▶ **EXERCISE DESCRIPTION**
Given the listing below, write out exactly the lines starting with the line that has "Το πλήρως αυτοματοποιημένο, γερμανικής" and going on through the line that has "Набор Sparta 13541", both kept.

▶ **SUPPLIED DATA**
═══

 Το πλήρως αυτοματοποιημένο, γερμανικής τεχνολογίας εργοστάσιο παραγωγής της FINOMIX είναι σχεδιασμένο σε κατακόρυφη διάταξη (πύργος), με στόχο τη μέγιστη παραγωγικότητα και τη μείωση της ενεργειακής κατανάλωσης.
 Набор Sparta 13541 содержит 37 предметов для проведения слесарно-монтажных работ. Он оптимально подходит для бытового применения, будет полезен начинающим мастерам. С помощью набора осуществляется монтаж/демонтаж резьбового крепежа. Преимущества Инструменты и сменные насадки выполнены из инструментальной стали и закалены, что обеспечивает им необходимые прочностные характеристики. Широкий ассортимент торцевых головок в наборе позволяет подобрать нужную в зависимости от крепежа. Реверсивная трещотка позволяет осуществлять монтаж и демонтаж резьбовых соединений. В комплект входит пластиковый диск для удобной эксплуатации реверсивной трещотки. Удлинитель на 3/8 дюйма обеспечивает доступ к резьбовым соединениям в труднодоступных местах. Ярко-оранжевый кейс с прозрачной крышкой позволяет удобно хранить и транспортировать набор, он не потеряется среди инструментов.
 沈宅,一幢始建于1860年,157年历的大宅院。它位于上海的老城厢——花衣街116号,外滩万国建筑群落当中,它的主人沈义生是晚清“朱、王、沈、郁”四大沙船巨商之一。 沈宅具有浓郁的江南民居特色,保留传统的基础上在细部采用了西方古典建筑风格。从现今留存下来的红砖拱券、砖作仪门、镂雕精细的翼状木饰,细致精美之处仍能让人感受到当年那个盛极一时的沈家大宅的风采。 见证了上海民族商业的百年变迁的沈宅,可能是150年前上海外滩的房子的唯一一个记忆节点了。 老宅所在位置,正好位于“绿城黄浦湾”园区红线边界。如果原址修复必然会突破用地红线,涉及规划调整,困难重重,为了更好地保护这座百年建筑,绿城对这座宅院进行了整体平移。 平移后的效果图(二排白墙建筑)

═══

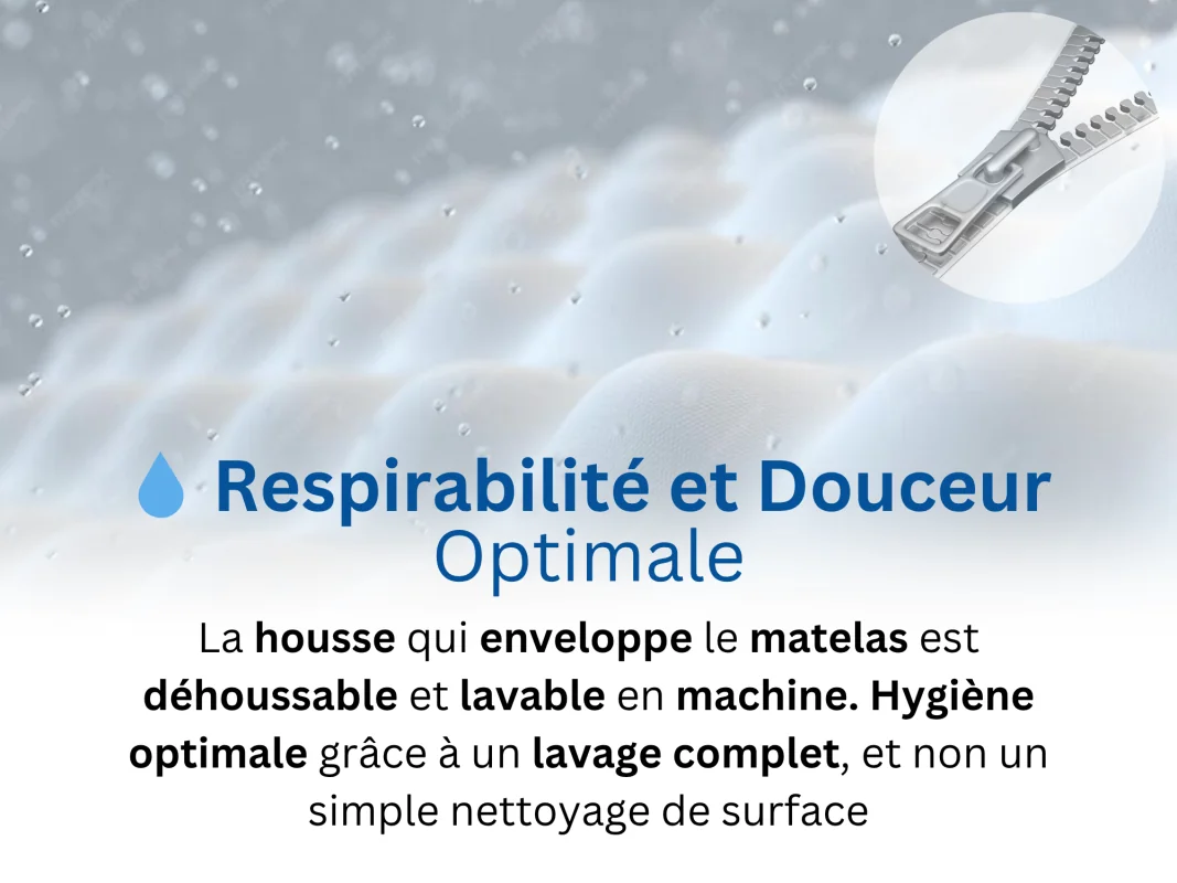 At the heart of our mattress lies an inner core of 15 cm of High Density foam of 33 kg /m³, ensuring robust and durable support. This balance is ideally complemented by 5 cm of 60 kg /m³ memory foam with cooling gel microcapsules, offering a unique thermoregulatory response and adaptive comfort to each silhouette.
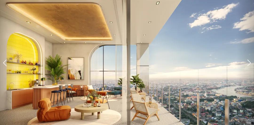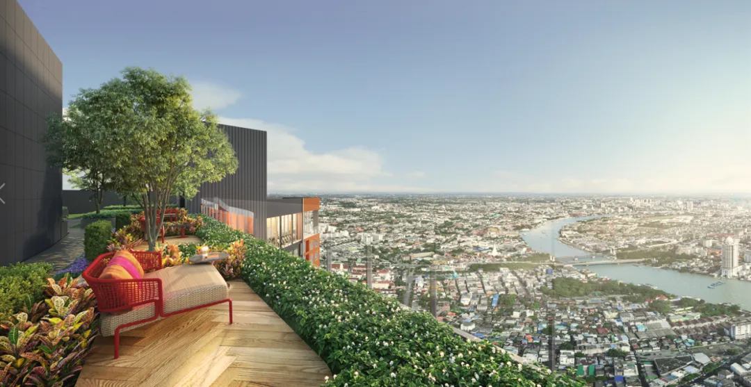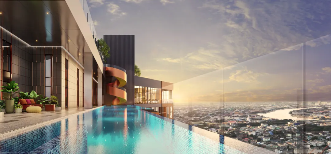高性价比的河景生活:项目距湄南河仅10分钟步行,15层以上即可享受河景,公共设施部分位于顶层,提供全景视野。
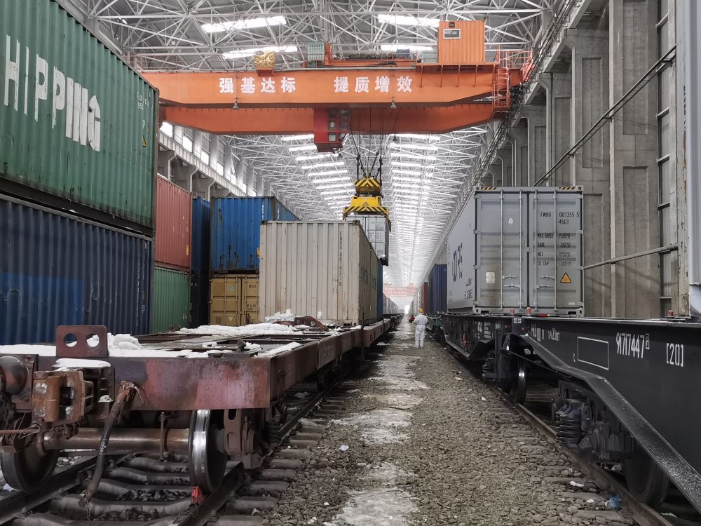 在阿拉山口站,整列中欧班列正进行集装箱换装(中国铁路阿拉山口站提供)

═══

▶ **RESPONSE AREA**
 Το πλήρως αυτοματοποιημένο, γερμανικής τεχνολογίας εργοστάσιο παραγωγής της FINOMIX είναι σχεδιασμένο σε κατακόρυφη διάταξη (πύργος), με στόχο τη μέγιστη παραγωγικότητα και τη μείωση της ενεργειακής κατανάλωσης.
 Набор Sparta 13541 содержит 37 предметов для проведения слесарно-монтажных работ. Он оптимально подходит для бытового применения, будет полезен начинающим мастерам. С помощью набора осуществляется монтаж/демонтаж резьбового крепежа. Преимущества Инструменты и сменные насадки выполнены из инструментальной стали и закалены, что обеспечивает им необходимые прочностные характеристики. Широкий ассортимент торцевых головок в наборе позволяет подобрать нужную в зависимости от крепежа. Реверсивная трещотка позволяет осуществлять монтаж и демонтаж резьбовых соединений. В комплект входит пластиковый диск для удобной эксплуатации реверсивной трещотки. Удлинитель на 3/8 дюйма обеспечивает доступ к резьбовым соединениям в труднодоступных местах. Ярко-оранжевый кейс с прозрачной крышкой позволяет удобно хранить и транспортировать набор, он не потеряется среди инструментов.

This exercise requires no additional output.